Start of EXERCISE MATERIALS
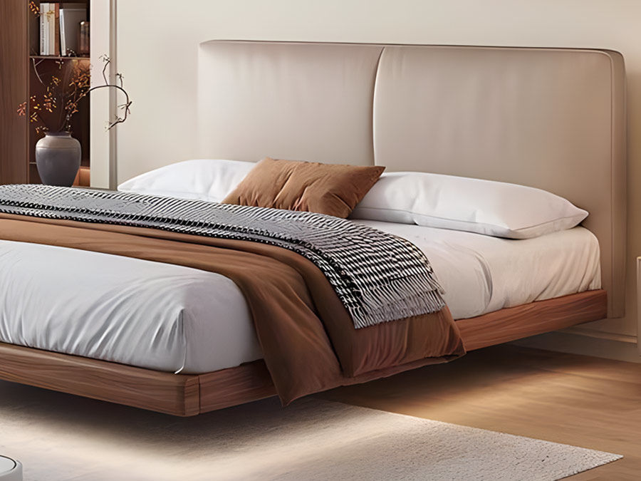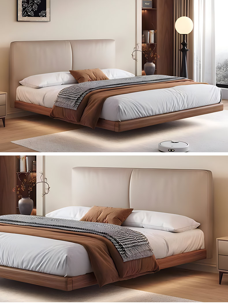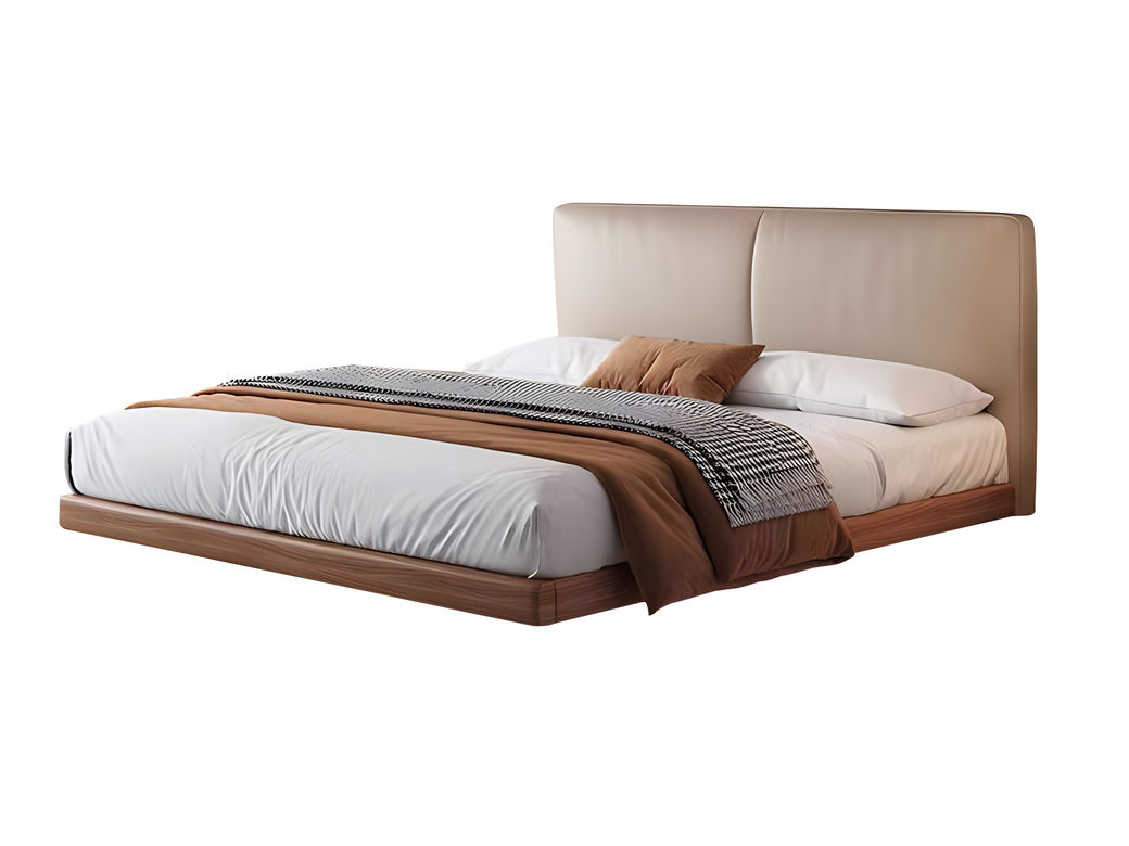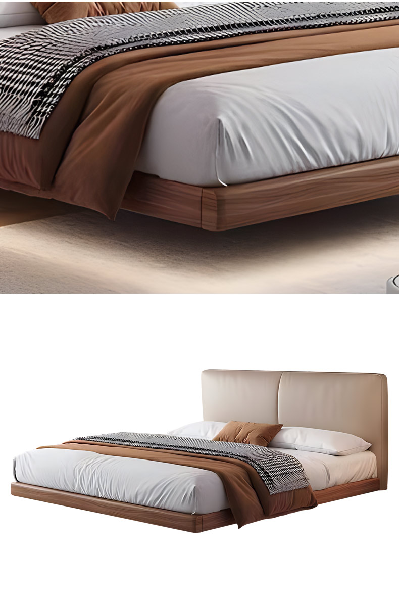 B系优选 中古风 接触面头层牛皮+仿皮+高回弹海绵+实木框架+10分钢木排骨架+白蜡木床边 1.8米床
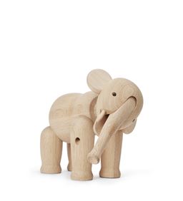 Kay Bojesen elefant blev designet i 1953 og er i dag en af de mest elskede figurer fra den berømte danske designer. Med sit charmerende udtryk og sit tidløse formsprog er elefanten blevet et symbol på dansk designtradition. En figur udstråler ro og nænsomhed og som både børn og voksne holder af. Figurerne er håndlavet i træ og med sit eget charmerende udtryk, der med sin bevægelige dele kan personliggøres endnu mere.
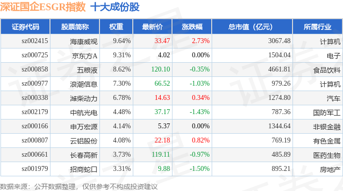 深证国企ESGR(470055)指数十大成份股详情如下:
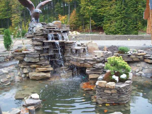- Каскадный водопад. При такой конструкции, вода спускается в водоём по нескольким ступеням, которые в основном выполняются из камней с характерными угловатыми формами. Это может быть сланец или гранит, в зависимости от цветовых предпочтений хозяина. Можно поиграть с наклоном ступеней, чтобы вода создавала несколько маленьких водопадов.
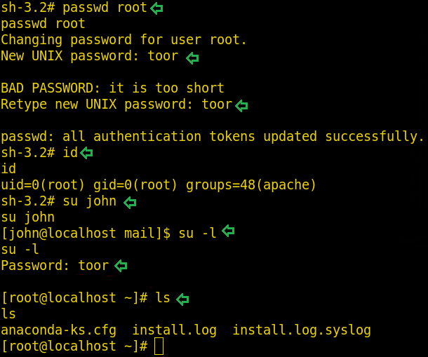 Let’s do some more operations. Head into the /home directory using command cd /home. In the home directory, we have to find out more users. As we are root, we can change any user password using the command passwd john similarly we can change the root password using the same command.
End of EXERCISE MATERIALS
### WHAT IS NEEDED
Every record above must be repeated exactly, with the pictures dropped.

### ANSWER BOX
 B系优选 中古风 接触面头层牛皮+仿皮+高回弹海绵+实木框架+10分钢木排骨架+白蜡木床边 1.8米床
 Kay Bojesen elefant blev designet i 1953 og er i dag en af de mest elskede figurer fra den berømte danske designer. Med sit charmerende udtryk og sit tidløse formsprog er elefanten blevet et symbol på dansk designtradition. En figur udstråler ro og nænsomhed og som både børn og voksne holder af. Figurerne er håndlavet i træ og med sit eget charmerende udtryk, der med sin bevægelige dele kan personliggøres endnu mere.
 深证国企ESGR(470055)指数十大成份股详情如下:
- Каскадный водопад. При такой конструкции, вода спускается в водоём по нескольким ступеням, которые в основном выполняются из камней с характерными угловатыми формами. Это может быть сланец или гранит, в зависимости от цветовых предпочтений хозяина. Можно поиграть с наклоном ступеней, чтобы вода создавала несколько маленьких водопадов.
 Let’s do some more operations. Head into the /home directory using command cd /home. In the home directory, we have to find out more users. As we are root, we can change any user password using the command passwd john similarly we can change the root password using the same command.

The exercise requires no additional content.